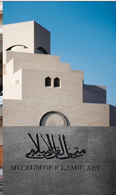
In the central hall of the museum that is flooded with light, two curved gala stairways lead into the second floor. The main building (right) fascinates with its sharp geometric lines.
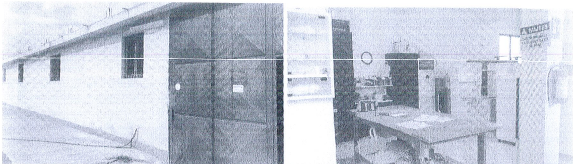
Pamje nga objekti që do ku zhvillohet e aktivitetit.
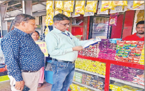
पीलीभीत स्टेशन पर खानपान स्टॉल की जांच करते हुए रेलकर्मी।
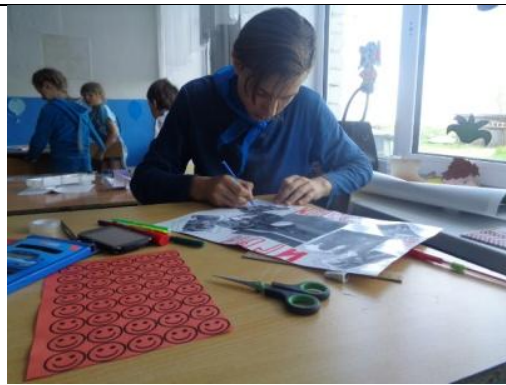
Подготовка к игре

● ● ●

What is required
Restate the data above word for word, so that the only difference is the missing pictures.

Written answer
In the central hall of the museum that is flooded with light, two curved gala stairways lead into the second floor. The main building (right) fascinates with its sharp geometric lines.
Pamje nga objekti që do ku zhvillohet e aktivitetit.
पीलीभीत स्टेशन पर खानपान स्टॉल की जांच करते हुए रेलकर्मी।
Подготовка к игре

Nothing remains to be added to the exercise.